- [Description of the task]: The answer should hold only the lines from the one containing "<graphic> | |" through the one containing "作为法式复古风最具代表性的标" in the entries below, copied exactly, without pictures.

- [Records for the task]:
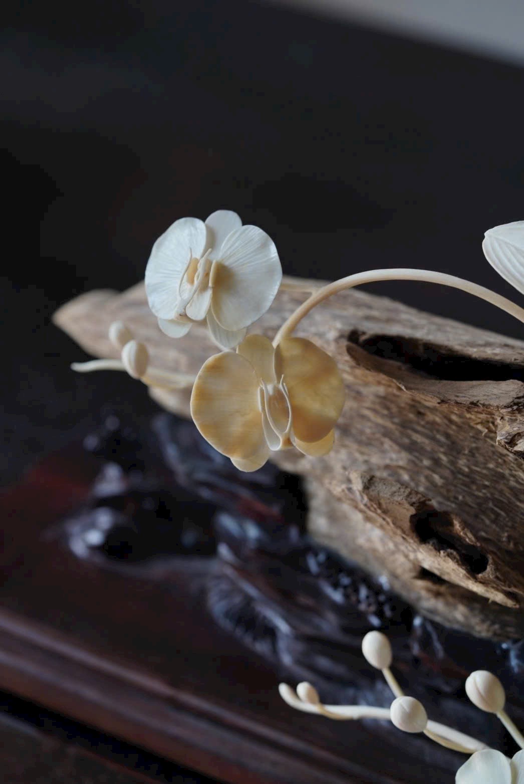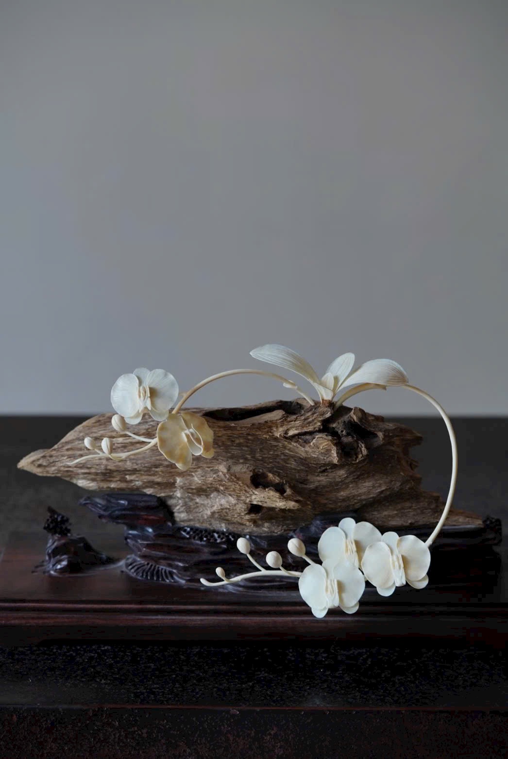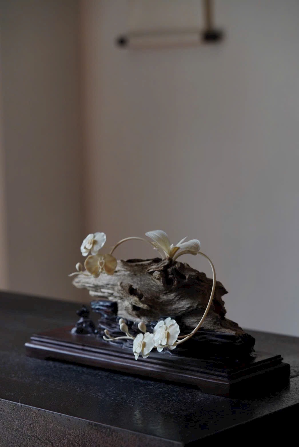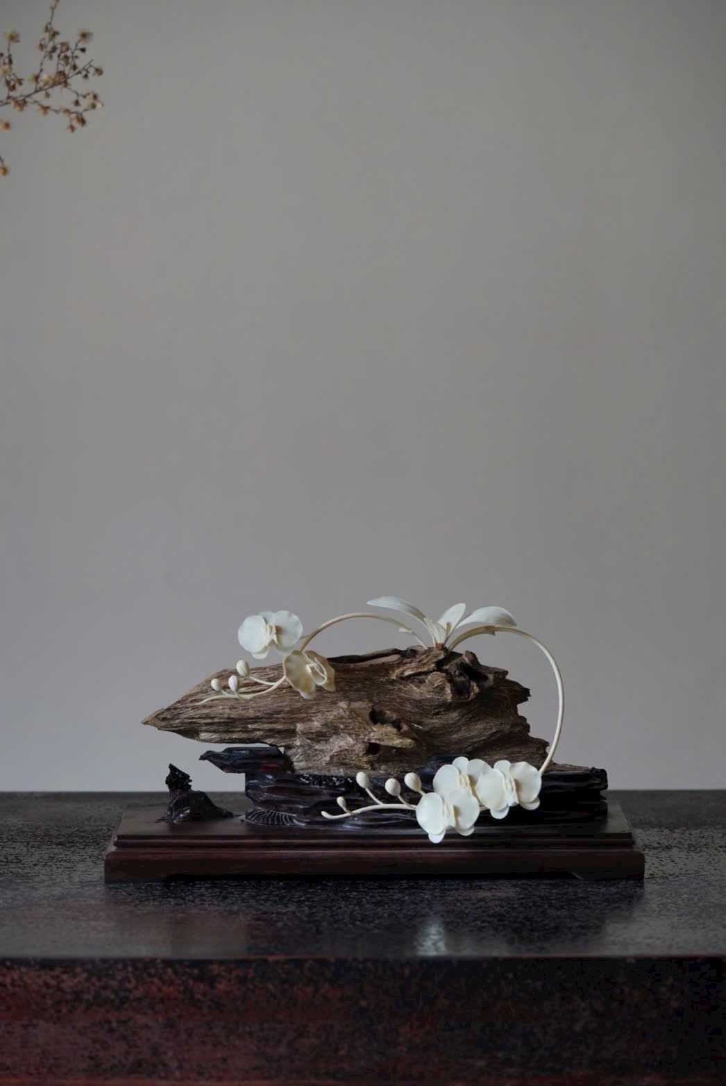 Phần đế trầm hương thơm nức, vân gỗ như dấu ấn thời gian, mộc mạc tự nhiên; lan hồ điệp chạm khắc từ ngà voi ma mút, cánh hoa trong mượt, khi vươn nở như ẩn chứa hương thơm nhẹ nhàng lan tỏa. Sự đan xen của khô – tươi, hòa quyện giữa cổ xưa và hiện đại, là món trang trí thanh nhã trên bàn, cũng là bức họa thi vị của cuộc đối thoại giữa thiên nhiên và văn hóa. Ngắm để tịnh tâm, thưởng để quên mọi bụi trần.
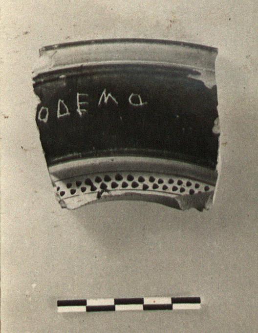 | Description: | Fragment of rim, with start of floor. Broad rim, black glazed, slightly convex on top; around its edge a reserved band between two lightly moulded ridges; this band and the unglazed underside reddened. Floor offset from rim; creamy ground, with a double row of glaze dots between two narrow lines around its outer edge. Incised on rim through glaze: <graphic> | |
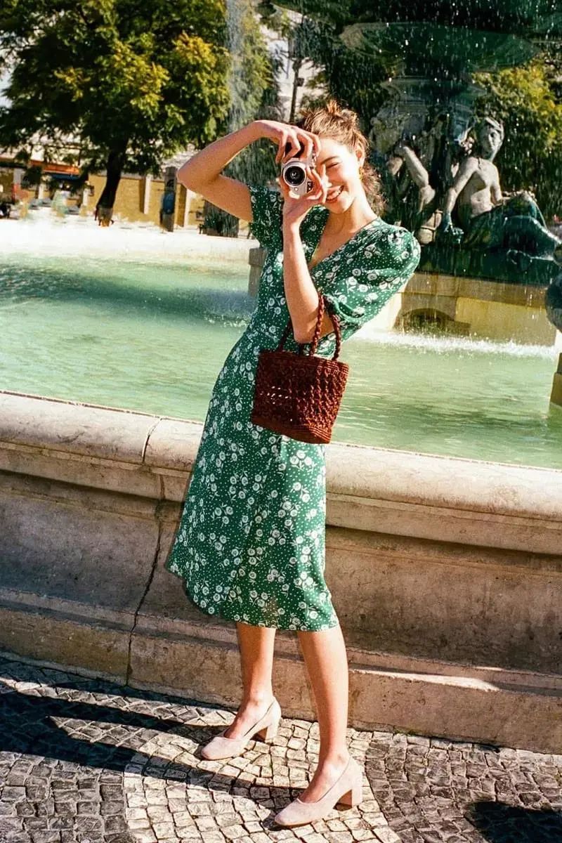 作为法式复古风最具代表性的标志性单品,裹身茶歇裙在法式女郎的穿搭中简直随处可见,真正的集慵懒性感与优雅浪漫于一身。
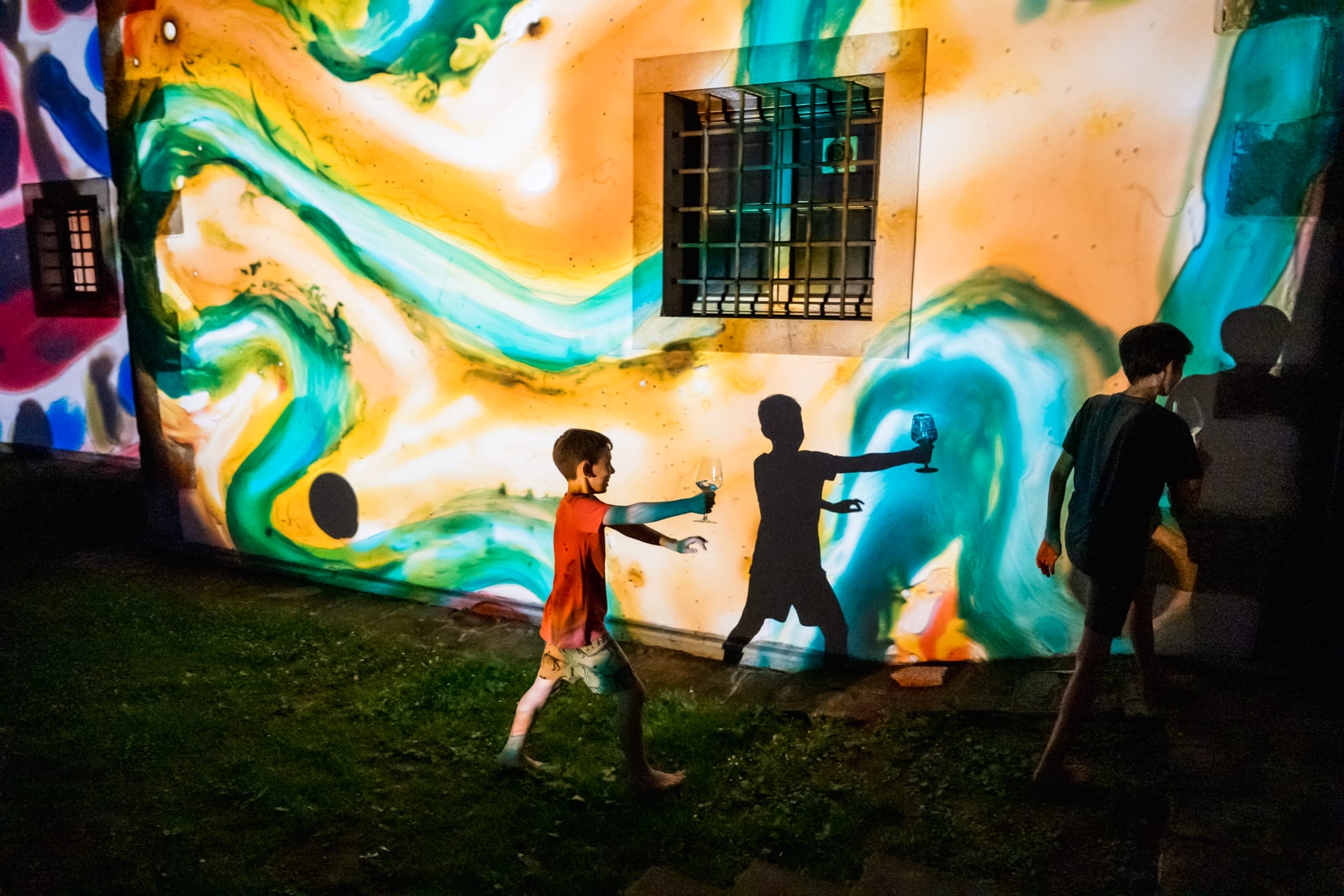 It seems to me that these two elements, the narrative and the transformation, are essential to understanding the work of LuMenArtist. The abstract nature of their material offers a bounty of suggestiveness, leaving the imagination free to create all kinds of stories from the dynamic light compositions. On the other hand, the experiences they create are highly transformative. This is true even at the level of abstract motifs, which remain in a constant state of change and transition. Here, abstraction and fluidity go hand in hand, as we follow changes in their projections that can also be interpreted in the language of painting theory, from Knifer's meanders to blistering op art surfaces, colorful spectacles featuring hypnotic swirls, Pollock-esque saturated compositions, soft transitions from the geometric to the organic, which seems to be much closer to the duo. However, the transformativity that their work aims at, judging by the event in Dobrovo, goes beyond the visual, it is a synaesthetic experience that aims to achieve spiritual transformation through an enriched phenomenology of the surrounding world. It is therefore not surprising that certain projections, especially those on the left side of the castle, so strongly evoked Gothic stained glass formations, with colorful rosettes, roundels, elongated floral designs and even a few witty medieval vignettes. The metaphysics of light was at the core of the fascination with the great church windows of the late Middle Ages, in which this very metaphor becomes the path to ascension of humankind. The LuMenArtist duo makes abundant use of the transformative power of light in similar, yet much more immanent experiences associated with the mundane world, in which abstract luminous metamorphoses enrich our emotional-perceptual world to the point where the experience begins to change us from within.
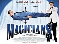 Magicians is a 2007 British comedy film released on 18 May 2007.[1] It stars comic duo Robert Webb and David Mitchell as stage magicians Karl and Harry. The two magicians compete together in a magic competition, despite their personal differences. The film is directed by Andrew O'Connor and written by Jesse Armstrong and Sam Bain, who are also the writers of the Channel 4 sitcom Peep Show, which stars Mitchell and Webb. Other principal cast members include Jessica Hynes, Darren Boyd, Steve Edge, Peter Capaldi,[1] and Andrea Riseborough.[2]

- [Result of this exercise]:
 | Description: | Fragment of rim, with start of floor. Broad rim, black glazed, slightly convex on top; around its edge a reserved band between two lightly moulded ridges; this band and the unglazed underside reddened. Floor offset from rim; creamy ground, with a double row of glaze dots between two narrow lines around its outer edge. Incised on rim through glaze: <graphic> | |
 作为法式复古风最具代表性的标志性单品,裹身茶歇裙在法式女郎的穿搭中简直随处可见,真正的集慵懒性感与优雅浪漫于一身。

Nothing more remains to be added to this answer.